## Records supplied
BEGIN

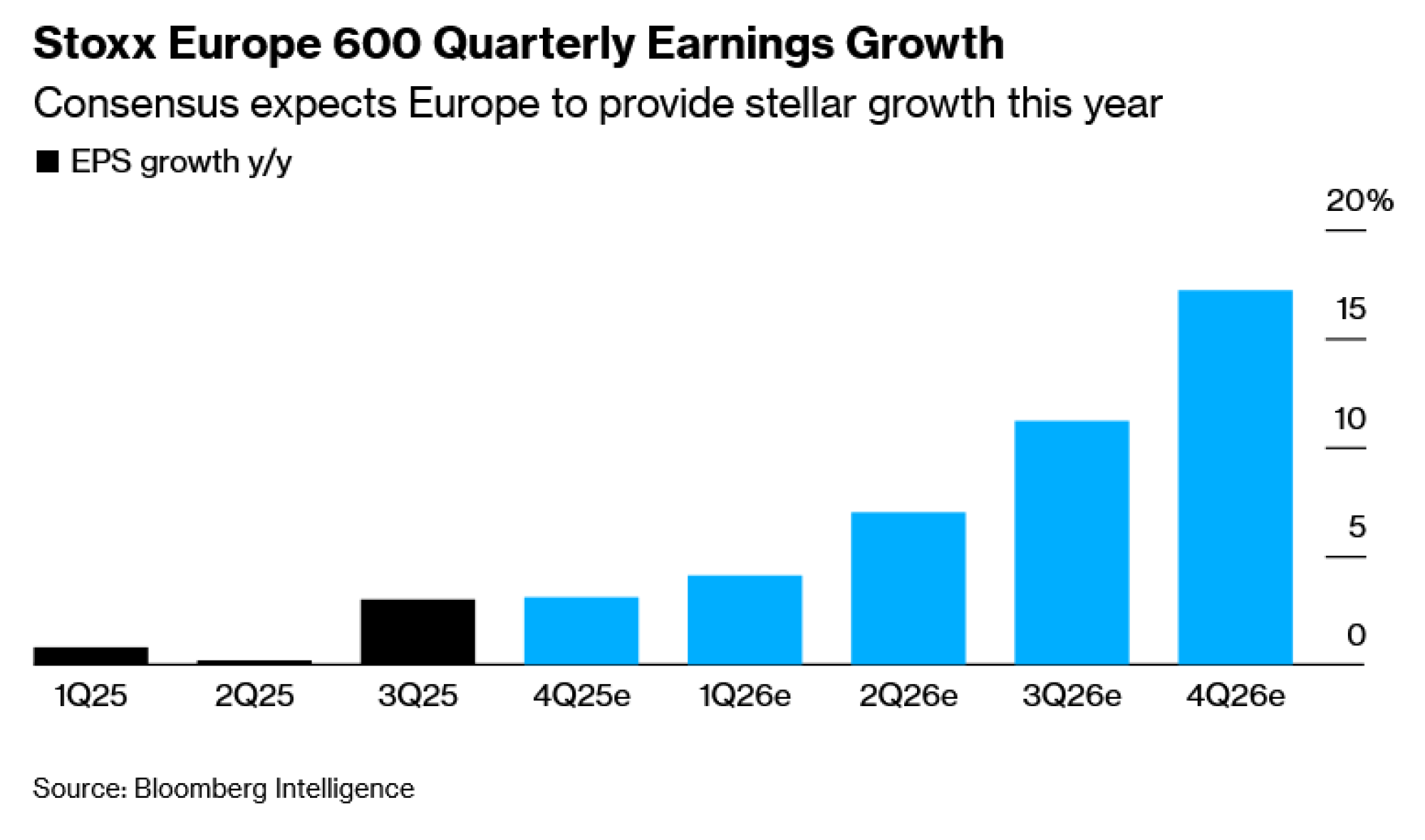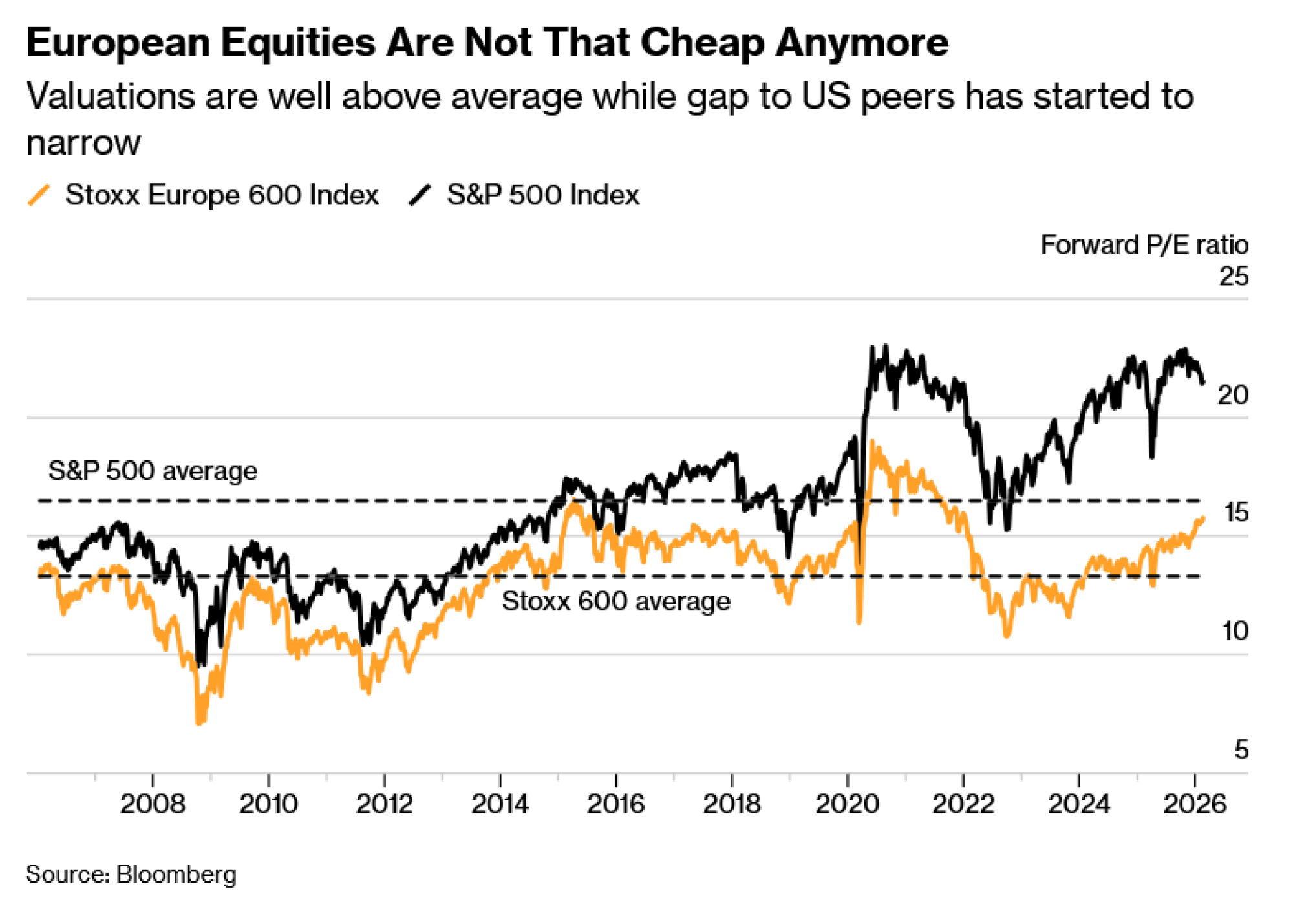 "Europa je i dalje tržište divergencija potaknutih valutama, carinama, fiskalnim poticajima, kao i primjenom umjetne inteligencije te tržišnim poremećajima koje ona uzrokuje", rekao je Gerry Fowler, voditelj strategije za europske dionice u tvrtki UBS Group AG. "Rast indeksa i dalje je spor s obzirom na veliku disperziju dionica, ali pritisak međunarodnih investitora na strani kupnje nastavlja podupirati valuacije indeksa."
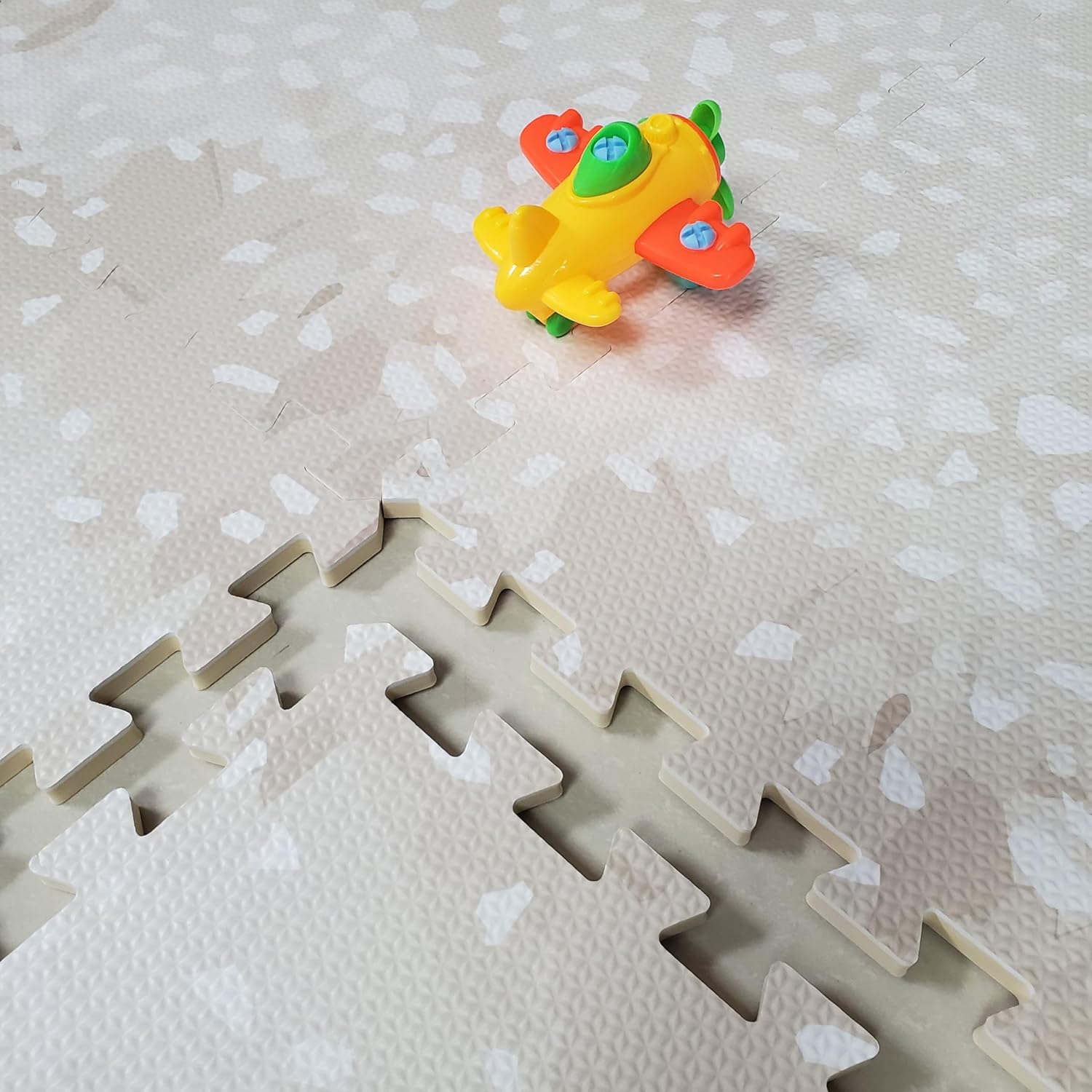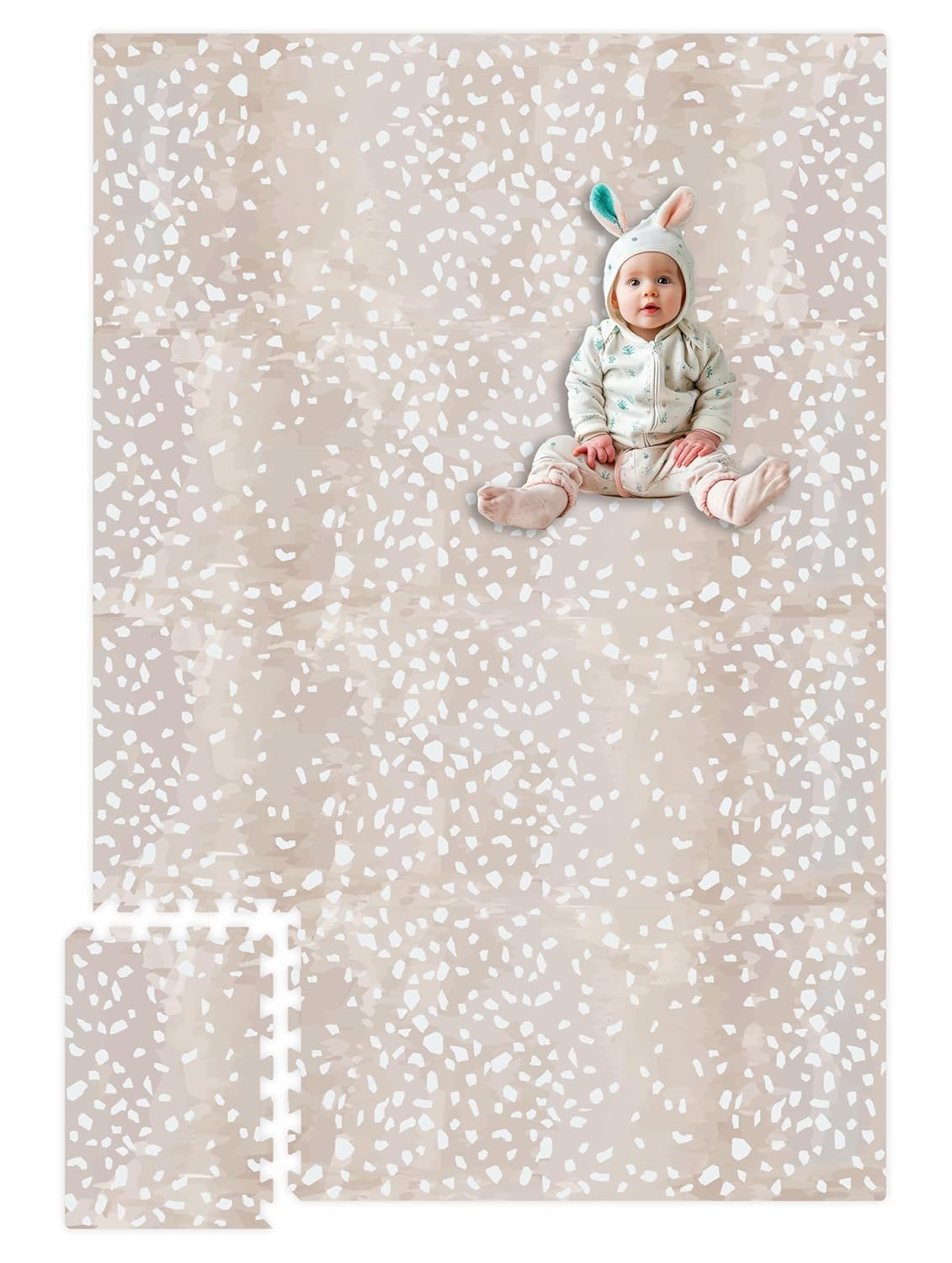 🧩 Camouflaged Terrazzo Design: A gentle, trendy terrazzo sample with impartial tones, thoughtfully designed to mix seamlessly into any residence décor whereas offering a trendy play space to your infant.
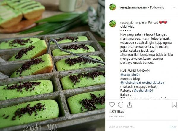 "Kue yang satu ini favorit banget, manisnya pas, masih tetap empuk walaupun sudah dingin, topingnya juga bisa sesuai selera. Ini masih pakai cetakan jadul, tapi Alhamdulillah bentuknya tidak terlalu mengecewakan, kalau rasanya pastinya enaak banget," tulis Instagram @resepjajananpasar, dikutip Selasa (3/9/2019).
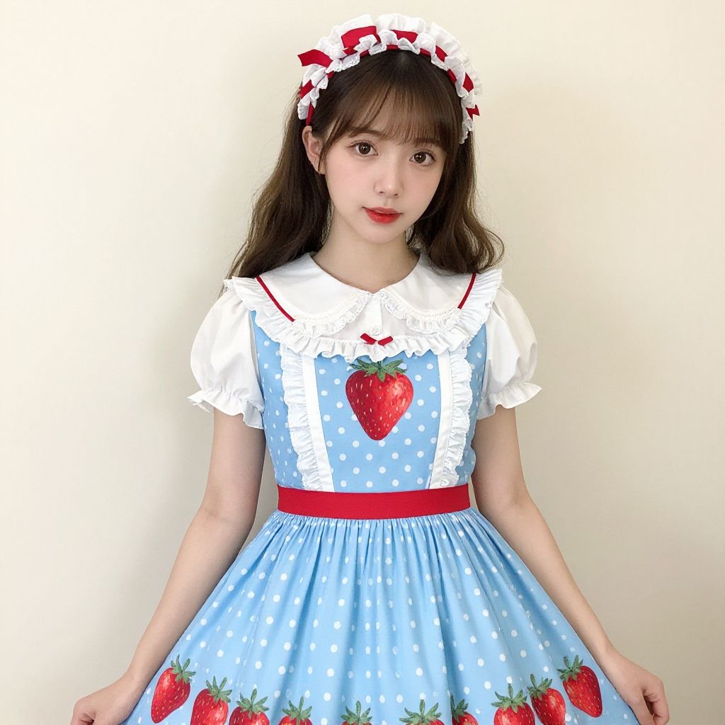 A young woman poses wearing a charming blue dress adorned with white polka dots and vibrant strawberry prints, complemented by a white ruffled collar and puffed sleeves. She accessorizes with a matching ruffled headband featuring red and white, creating a playful and vintage-inspired look.
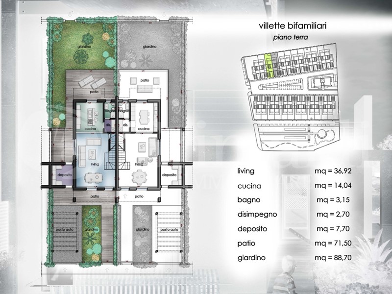 Le villette, progettate con un design contemporaneo, saranno dotate di giardini privati che offriranno uno spazio verde personale, perfetto per il relax e le attività all'aperto. In ogni giardino sarà presente un posto auto privato, per garantire praticità e sicurezza ai residenti. Inoltre, le villette disporranno di un rooftop, un ampio terrazzo panoramico ideale per cene all'aperto o per godersi la vista in totale tranquillità.
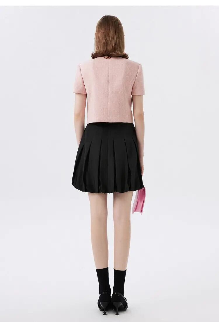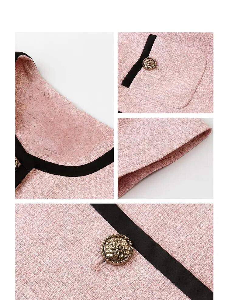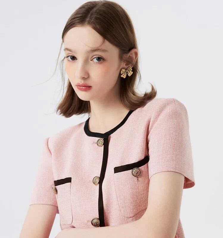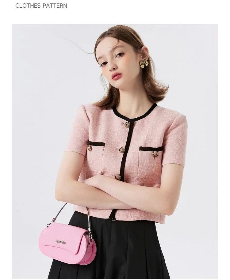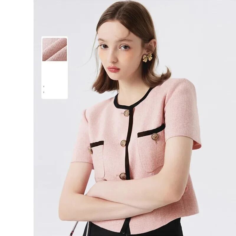 ショートサマーコントラストコートレディースホワイトピンクスリムフィットシングルブレストスイートラウンドネックジャケット 大人ガーリー スウィート キュート カジュアル 夏物 Oネック
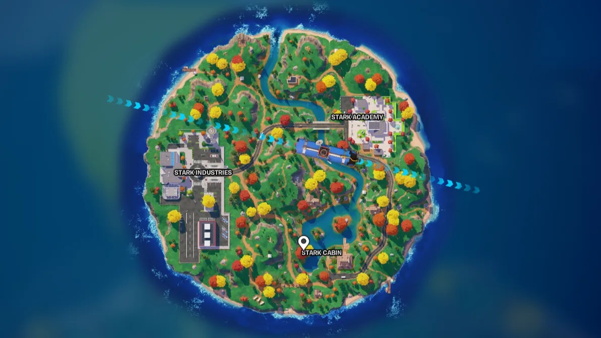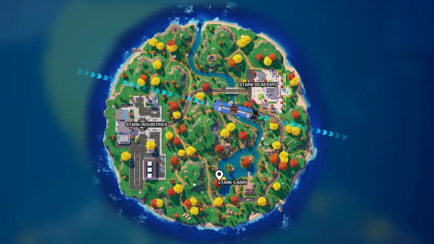 - The island features three themed locations inspired by Fortnite’s Chapter 2 Iron Man collaboration: Stark Industries, Stark Cabin, and Stark Academy.
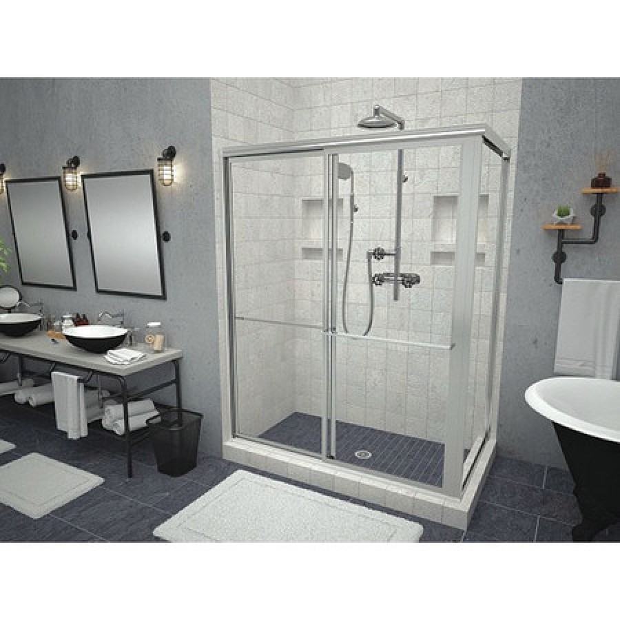 Plumbsure Square Shower Enclosure Tray Waste Pack With Double Sliding Doors W 760mm D 760mm Diy At B Q from media.diy.com Unfortunately, dreamline does not make a double threshold base in that size with a center drain. The kohler shower base has a concrete core, which has a stable and durable feel. Other shower wall systems such as ceramic tile all standard low profile shower bases we have available are listed on this page. Double threshold base for corner installation; The vast collection of exceptional. So your 1000x1400 tiled floor sounds. 48 in x 36 in, and 66 in x 36 in. In fact, this might be the only time that you ever showers differ by construction, size, materials used and configuration.
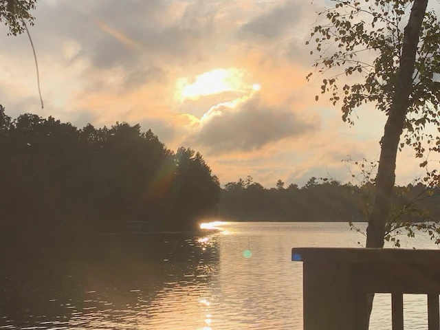 The rain ended. The sunset peeked through the clouds over Fishtrap lake near Boulder Jct, WI while enjoying a a nightcap at water’s edge.
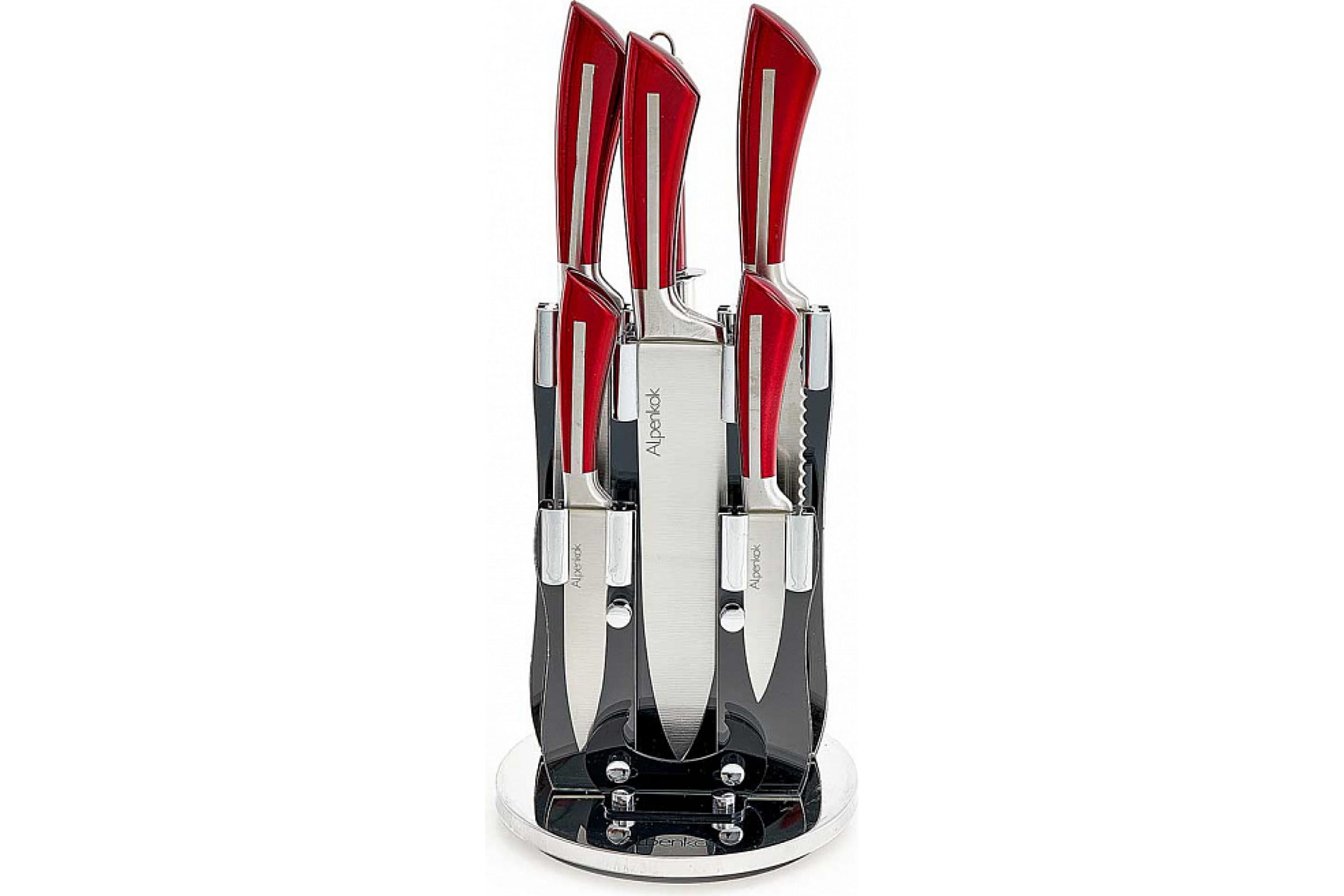 Набор ножей Alpenkok AK-2095 на акриловой подставке, предназначен для использования на кухне.

END

## Exercise aim
Your task is to restate word for word the lines from the top of the data to the line containing "to your infant.", both ends included, with every picture left out.

## Written solution
 "Europa je i dalje tržište divergencija potaknutih valutama, carinama, fiskalnim poticajima, kao i primjenom umjetne inteligencije te tržišnim poremećajima koje ona uzrokuje", rekao je Gerry Fowler, voditelj strategije za europske dionice u tvrtki UBS Group AG. "Rast indeksa i dalje je spor s obzirom na veliku disperziju dionica, ali pritisak međunarodnih investitora na strani kupnje nastavlja podupirati valuacije indeksa."
 🧩 Camouflaged Terrazzo Design: A gentle, trendy terrazzo sample with impartial tones, thoughtfully designed to mix seamlessly into any residence décor whereas offering a trendy play space to your infant.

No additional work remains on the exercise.